The combination and mixing ratios of claudin species determines the barrier properties of TJ strands [41], and the alteration of a single type of claudin can significantly alter the permeability and transepithelial electrical resistance of a tissue [30,32]. Therefore, the decrease in claudin-4 expression in placentae from ZIKV-infected woman may have a big impact in the paracellular transit through the STB, particularly since this claudin functions as a cation barrier [30,32] or an anion pore [31]. Accordingly, a significant decrease in permeability and an increase in TER have been observed in MDCK cells after claudin-4 transfection [30,32].
Claudin-4 in the renal collecting duct interacts with claudin-8, and their association is required to form a paracellular chloride channel [31]. Therefore, it may be important in the future to determine whether claudin-8 is expressed together with claudin-4 in the STB layer in human placentae, and whether its expression is altered in ZIKV-infected placentae.
Claudin-4 is a critical claudin for the establishment of a permeability barrier to protect the developing embryo. When the blastocyst enters the uterus, the process of implantation and placentation starts. The first contact is established between the blastocyst trophoectoderm and the uterine epithelium. Once the blastocyst attaches, the process of decidualization is triggered, involving the stromal epithelial transition in which uterine stromal cells differentiate into decidual cells surrounding the implanting blastocyst. In this event, the trophoectoderm acts as a stimulus for the creation of a TJ permeability barrier in stromal cells that protects the embryo from the passage of injurious maternal immunoglobulins [42,43]. In rat stromal cells of the uterus, we have observed that claudin-1 is present in all gestational days, and that ZO-1 appears until day 6, albeit at both implantation and non-implantation sites, while claudins -3 and -4 appear until gestational day 7 and only at implantation sites [44], reinforcing the view of claudin-4 as an important TJ proteins for embryonic development. Moreover, in rat uterus, by the time of implantation of the blastocyst at gestational day 6, when the network of TJ strands increases 3-fold in depth along the lateral plasma membrane and displays more branches and interconnections with neighboring strands [45,46], claudin-4 is detected for the first time at the basolateral membrane of uterine epithelial cells [44]. Similarly, in human endometrium, an increase in claudin-4 mRNA is found during the implantation window [47,48,49], thus suggesting a critical role of claudin-4 during implantation.
The role of claudin-4 in human placenta is highlighted by the observation that its expression increases in hydatidiform moles and in maternal diabetes [11]. In human placentae derived from assisted reproductive technology, claudin-4 mRNA diminishes, and this change is accompanied by an increase in claudin-8 mRNA [50]; while in mice placentae, claudin-4 augments as gestation advances from days 12 to 20 and after the administration of the estrogen receptor antagonist ICI 182,780 and the progesterone receptor antagonist RU-486 [36].
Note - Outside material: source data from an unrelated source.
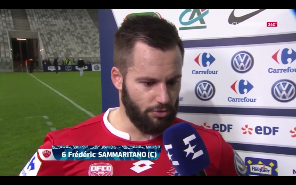 Le dijonnais Frédéric Sammaritano s’est exprimé sur cette première période qui voit son équipe regagner les vestiaires avec un score nul et vierge. “Ce n’est pas mission accomplie. On va dire que l’on est venu avec des intentions. Pour le moment, nous sommes toujours sur un score vierge mais il s’en est fallu de peu. Défensivement on est à peu près correct mais dans la maitrise du ballon et techniquement c’est assez pauvre pour le moment. Il va falloir changer certaines choses avoir plus de mouvements et plus de qualité technique si l’on veut marquer un but […] On ne va pas faire de complexe d’infériorité. On est venu pour se qualifier même avec des joueurs qui manquent un peu de temps de jeu, on va tout donner ensemble pour aller chercher la qualification”.
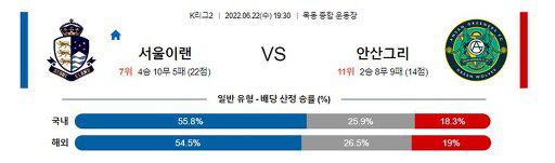 서울이랜드가 최근 6경기 중 5경기에서 언더(2.5 기준)를 기록한 점, 안산도 최근 7경기 중 5경기에서 언더(2.5 기준)를 기록한 점을 고려하면 언더(2.5 기준)의 가능성이 높겠다. 또한 후술하겠지만, 서울이랜드는 좋지 못한 경기력으로 4경기 연속 무승부를 기록하고 있는 상황. 반면 안산은 최하위에 머물러있으나, 5월 말 첫 승 이후 4경기에서 단 1패밖에 허용하지 않고 있다. 최근 경기력으로만 보면 안산이 더 우위에 있는 상황. 때문에 원정 경기임에도 최소 무승부를 따낼 것으로 보인다. 서울이랜드가 홈에서 7경기 중 5번의 무승부를 기록하고 있다는 점도 참고하면 좋다. 무승부 / 언더(2.5 기준) 접근을 권장한다.
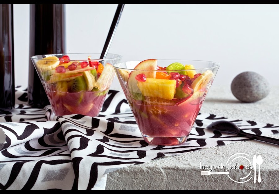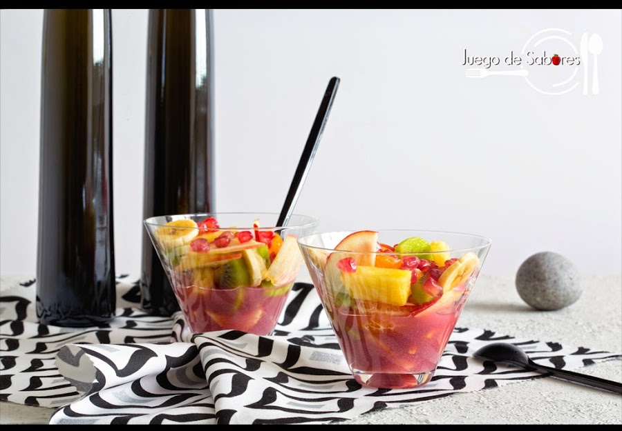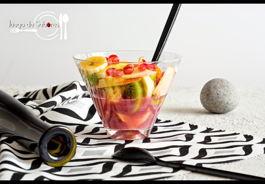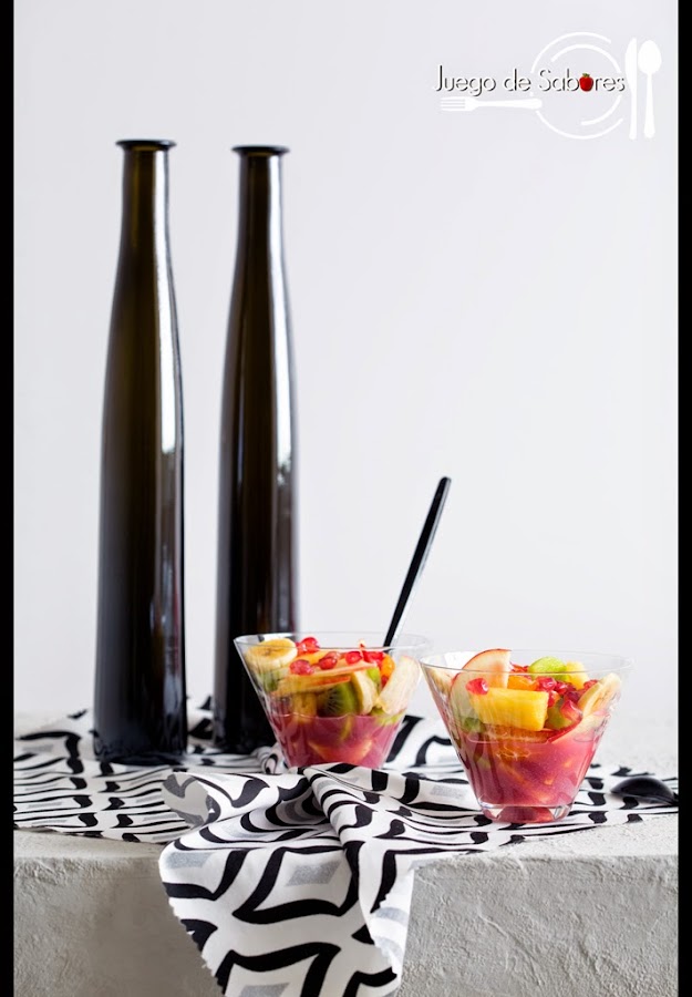 Repartir las frutas en cuatro cuencos y añadir por encima los granos de granada, por último verter por encima la salsa de granada reservada y dejar en la nevera hasta el momento de servir.
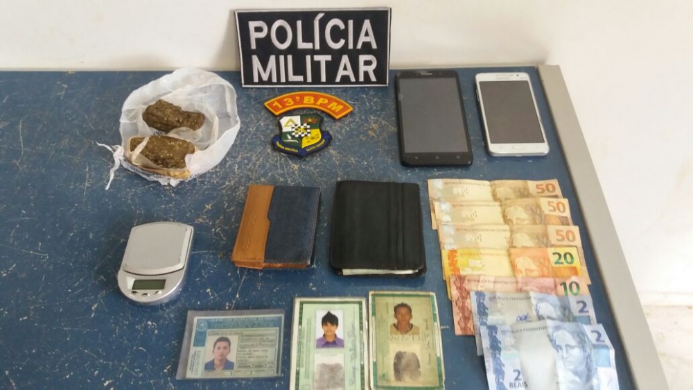 Policiais Militares realizaram a detenção de dois jovens, ambos maiores, suspeitos de tráfico de drogas. De acordo com o Tenente PM Barbosa, do 13º Batalhão de Policia Militar, os suspeitos estavam em uma motoneta Honda Biz, preta, circulando pela rua Catuipe, nas proximidades do campo de futebol do bairro Rio Verde.
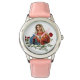 Kinderuhr aus Edelstahl mit rosa Lederarmband

How ZIKV alters the Cl-4 expression of STB without actively replicating in these cells remains an open question. It has been observed that a wide array of viruses use integral proteins located at the apical junctional complex (AJC) of epithelial cells (for review see [51]) as cellular receptors, including for example hepatitis C virus, that associates to claudins -1, -6, and -9 [52,53]. The use of such proteins is important for the entry of viruses into epithelial cells, but also implies the disruption of the AJC that compromises the integrity of the epithelial barrier in consequence. Thus, West Nile virus specifically induces the endocytosis of claudin-1 and JAM-A [54], and in rotavirus, the VP8 protein, generated from the proteolytic cleavage of spike protein VP4, opens the TJs of epithelial cells in a reversible and dose-dependent manner [55]. VP8 has several segments with high similarity to domains present in the extracellular loops of claudins and occludin; hence, it was proposed that VP8 opened the TJs by competing with the homotypic interactions established among the extracellular domains of certain claudins and occludin. Another interesting protein in this respect, derived from a microorganism, is Clostridium perfringens enterotoxin (CPE). This toxin opens the paracellular barrier due to the selective removal of claudins -4 and -3 from the TJ [56,57]. In the case of ZIKV, the effect of structural E and M proteins on TJ proteins has not yet been explored.
The observation that only the basolateral exposure of ZIKV reduced TER and claudin-4 expression of BeWo monolayers is not surprising, as a similar situation had been observed with several viruses. Thus, the adenovirus fiber protein can only access its CAR receptor at the apical junctional complex and open the TJs when added to the basolateral surface [20]; HSV-1 only infected epithelial cells if added to the basolateral surface or if depletion of extracellular calcium had weakened the strength of the AJC to allow the virus to access its nectin receptor [58,59]; and hepatitis C virus first localizes with the epidermal growth factor receptor at the basolateral membrane and then accumulates at the TJ and associates to claudin-1 and occludin [60,61]. These results suggest that ZIKV passed from the maternal basal decidua to the fetal invading CTB and the cell columns of CTB, or through the transport system facilitated by the neonatal Fc receptor to transcytose across the STB layer, could open the paracellular pathway of the STB layer due to its presence in the parenchyma of chorionic villi that faces the basolateral surface of STB cells. Hence, the opening of the TJ in the STB could occur not as an initial step in the vertical transmission of ZIKV, but as a consequence of chorionic villi infection.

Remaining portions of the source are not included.